You should see verbose message from the accULL compiler with details of every step of the code conversion and compilation

 **************************************** 
                 _    _ _      _          
                | |  | | |    | |         
   __ _  ___ ___| |  | | |    | |         
  / _` |/ __/ __| |  | | |    | |         
 | (_| | (_| (__| |__| | |____| |____     
  \__,_|\___\___|\____/|______|______|    
 **************************************** 
 Release 0.4alpha 

* Verbose output
* Output executable name gpu.x
* Processing acc_test.c to ./accull_YoSTr/acc_test.c
* Building acc_test.c
* Running StS translation 
Parsing acc_test.c ....   OK 
 Migrating to Internal Representation ....  OK 
Mutating ...
 [c2frangollo] Generating code for _acc_test_random around line 12 
Warning: Following variables were not declared in any clause
val, i, j, tmp1, tmp2,  at region _acc_test_random
 Acc parallel loop i with nesting level 1
***** Kernel Statistics *******
 Flop count: (0 + ((10000 - 0) / 1)) * ((0 + ((10000 - 0) / 1)) * (1 + (1 + (1 + (1 + (1 + (1 + (1 + 0))))))))
 Mem Access: (0 + ((10000 - 0) / 1)) * ((0 + ((10000 - 0) / 1)) * 0)
 Div. Factor: 0
 Parallel kernel 1D: _acc_test_random_P_2
 Gangs: auto (resolved in execution time)
 Workers: auto (resolved in execution time)
 Following functions were called but not declared: 
['sin', 'cos']
 Will assume they are native 
 Following functions were called but not declared: 
['sin', 'cos']
 Will assume they are native 
 Following functions were called but not declared: 
['sin', 'cos']
 Will assume they are native 
 - * - 
 Filter AccDataFilter called 
 - * - 
OK
* StS translation appears to be OK
* Building the project directory ./accull_YoSTr/acc_test.c
* Building appears to be OK
* Copying result files back to origin
/usr/local/cuda/bin/nvcc -Xcompiler -fopenmp -lrt -lcuda -lrt -lcuda -arch=sm_20 acc_test.o _acc_test_random_P_2.o /home/ubuntu/apps/acc/accull/frangollo/src/libfrangollo.a -o gpu.x
* Finished

You can verify that the executable is linked to CUDA library

$ ldd ./gpu.x 
    librt.so.1 => /lib/arm-linux-gnueabihf/librt.so.1 (0xb6eea000)
    libcuda.so.1 => /usr/lib/arm-linux-gnueabihf/tegra/libcuda.so.1 (0xb63b8000)
    libpthread.so.0 => /lib/arm-linux-gnueabihf/libpthread.so.0 (0xb639d000)
    libdl.so.2 => /lib/arm-linux-gnueabihf/libdl.so.2 (0xb6392000)
    libstdc++.so.6 => /usr/lib/arm-linux-gnueabihf/libstdc++.so.6 (0xb62e7000)
    libm.so.6 => /lib/arm-linux-gnueabihf/libm.so.6 (0xb627b000)
    libgcc_s.so.1 => /lib/arm-linux-gnueabihf/libgcc_s.so.1 (0xb6259000)
    libc.so.6 => /lib/arm-linux-gnueabihf/libc.so.6 (0xb6172000)
    /lib/ld-linux-armhf.so.3 (0xb6f13000)
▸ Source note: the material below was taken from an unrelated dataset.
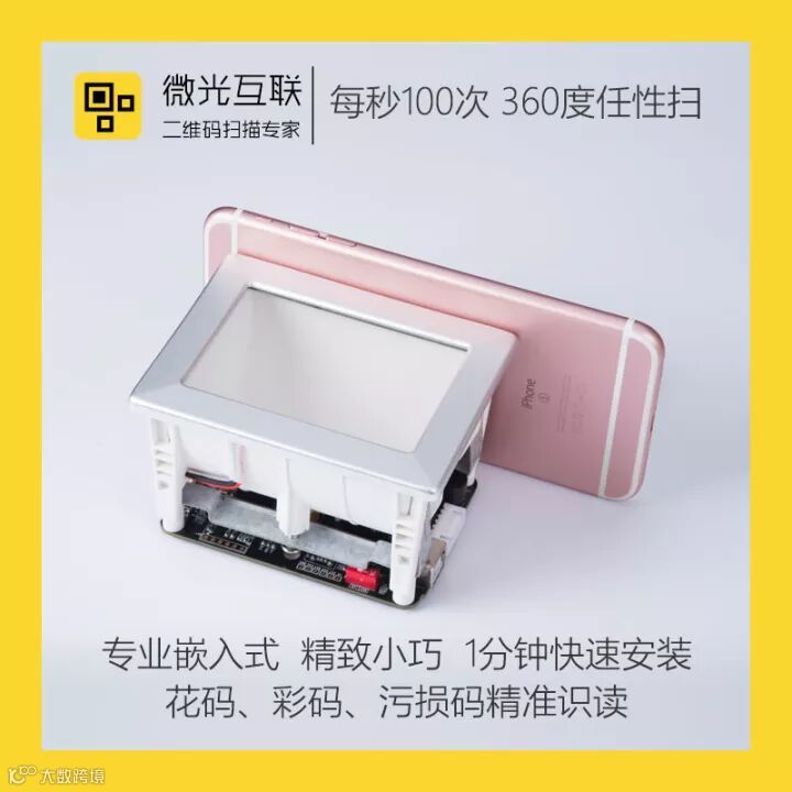 微光互联嵌入式二维码扫描器C100,采用铝合金面盖,钢化玻璃结实耐用,防戳防破损,具有70mm*50mm的超大识读窗,无论是大屏幕手机还是小屏幕手机都可快速准确识读,而且扫描引擎经过再次升级,即使扫描再暗的手机屏幕也毫无压力,带有扫码蜂鸣提示,为乘客提供丰富的互动扫码体验。

Execute the code and time it

$ time ./gpu.x 
N value is 10000
Total is 1.000000 

real    0m0.880s
user    0m0.024s
sys 0m0.040s

To compare this to a CPU version use gcc to compile the host version of this code

$ gcc -O3 acc_test.c -lm -o cpu.x

and execute it to get the comparison of the execution time

$ time ./cpu.x
N value is 10000
Total is 1.000000 

real    0m42.401s
user    0m42.336s
sys 0m0.017s

The short test above shows that OpenACC on ARM based host is possible and there is definite speedup. The small example above was more than 40 times faster. accULL is limited to OpenACC 1.0 and is supporting only C language.

All instructions and timings above are for NVIDIA Jetson TK1 platform with Tegra K1 processor. The instruction is however general and should work on all ARM systems with CUDA capable device. As more servers that connect ARM with CUDA devices are available and NVIDIA is fully supporting this platform for next generation of GPUs (Pascal) we may expect even more hardware like that.